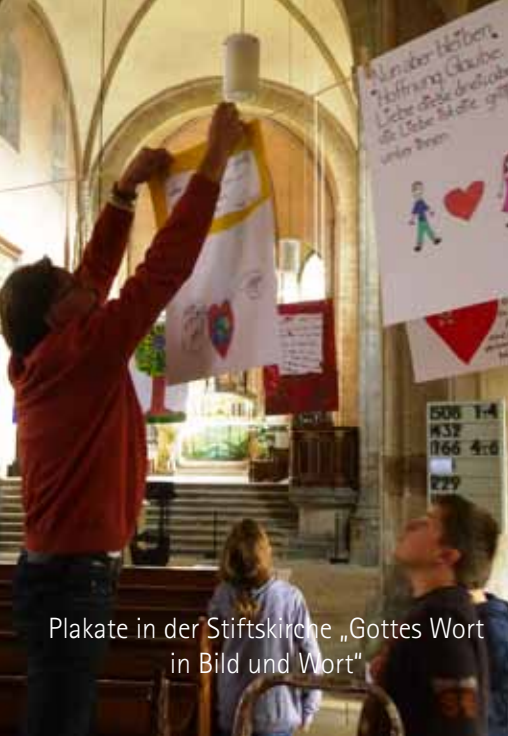
Plakate in der Stiftskirche „Gottes Wort in Bild und Wort“
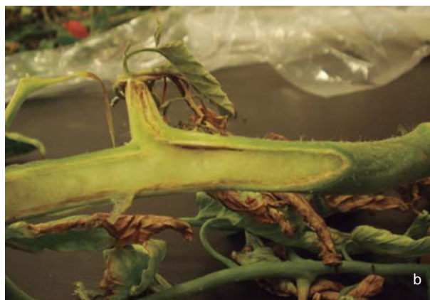
Figura 33. Síntomas de cancro bacteriano del tomate. a. Marchitamiento unilateral de hoja. b. Amarronamiento de los vasos.
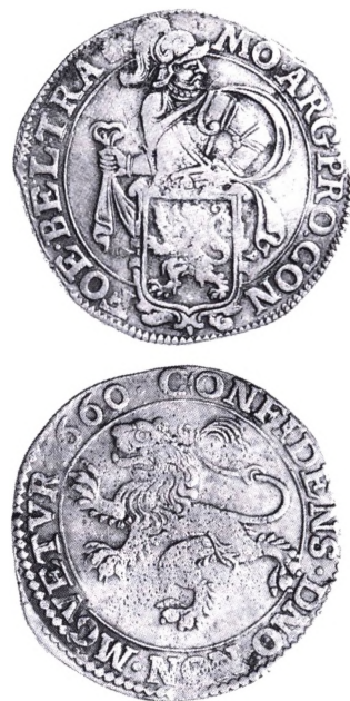
Nordlige Nederlande, Utrecht: Løvedaler (Leeuwendaalder) 1660.

Løvedaler. Talermonet præget fra 1576 (prøvemønt fra 1575) i provinsen Holland. Møntens navn var leeuwendaalder og skulle gå for 32 stuiver. Dens indre værdi var dog 3 stuiver mindre. Denne difference skulle tjene som gevinst til fordel for befrielseskrigen. Møntens vægt var 27,648 g, finheden 0.750 og finvægten 20,736 g. Forsidens motiv var en harniskklædt ridder og Hol-

Work to be completed → Leave the pictures out, and please copy only the lines from the one with "Figura 33. Síntomas" through the end of the listing.

Written response →
Figura 33. Síntomas de cancro bacteriano del tomate. a. Marchitamiento unilateral de hoja. b. Amarronamiento de los vasos.
Nordlige Nederlande, Utrecht: Løvedaler (Leeuwendaalder) 1660.

Løvedaler. Talermonet præget fra 1576 (prøvemønt fra 1575) i provinsen Holland. Møntens navn var leeuwendaalder og skulle gå for 32 stuiver. Dens indre værdi var dog 3 stuiver mindre. Denne difference skulle tjene som gevinst til fordel for befrielseskrigen. Møntens vægt var 27,648 g, finheden 0.750 og finvægten 20,736 g. Forsidens motiv var en harniskklædt ridder og Hol-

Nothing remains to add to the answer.